The list of problems or challenges in this area is long, and in many cases is another example of not having the necessary leadership to get better results.
Those serving on the nine-member Board of Regents have the task of governing six universities, plus supervising 19 community colleges, six technical colleges and one municipal university. It is a tremendously important job. However, it is almost impossible for these nine men and women to have a good, accurate understanding of what is going on on the campuses of these schools. History shows Regents do not learn about troublesome situations until they grow into very serious problems. Regents are given specially designed tours of campuses, arrangements to meet with selected faculty and students, sit with the chancellor for a football or basketball game and then think they have an accurate, honest profile of the university and ability of the chancellor.
The terms of three Regents are ending this year. Governor Kelly has the opportunity to appoint three individuals to serve a maximum of two four-year terms. The Board needs members who are recognized for their personal and professional records, are committed to excellence, and have the public’s respect.
It’s not a position used to pay off political debts and IOUs or taking care of a friend of a friend.
How about considering the possibility of naming an outstanding professor as one of the new Regents? Someone who has firsthand experience and knows what is needed for a superior college level academic program?
Being a university chancellor or president, particularly in today’s environment, is a difficult and challenging job. But, it’s a good and rewarding job in many ways.
Other current serious problems facing KU, in addition to the athletics department and Regents, include:
• The necessity for strong, powerful and visionary leadership in the chancellor’s office as well as other Strong Hall offices. KU should not settle for second best in any position.
• The divided and frustrated faculty is extremely serious and dangerous.
• The likelihood of the school facing a $75 million deficit at the end of the current school year.
• Will KU officials execute a plan to terminate some tenured professors?
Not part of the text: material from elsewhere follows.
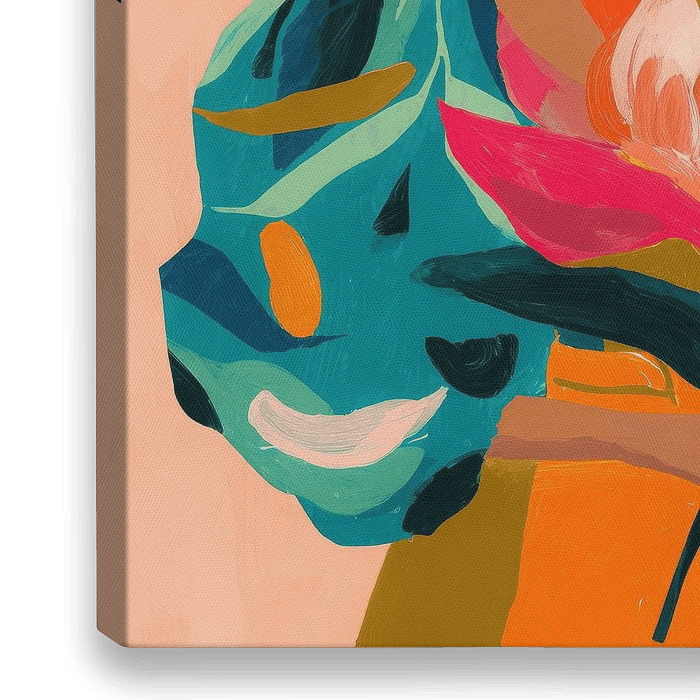 Over ‘Vrouw met kleurrijke bloem in tropische tinten’ van But First Framing

• How to address falling enrollment numbers.
• How to deal with the growing concerns by many parents that their children are not receiving a sound education at KU, that professors and graduate teaching assistants are injecting partisan politics into the classroom, and students fear retaliation if they speak up and challenge the teacher.
• How to improve relations with state legislators and gain added fiscal support and/or halt further cuts.
KU is a good school but it could, and should be, an even better university. However, to do so will require some bold, courageous and probably contentious moves. Will they be made?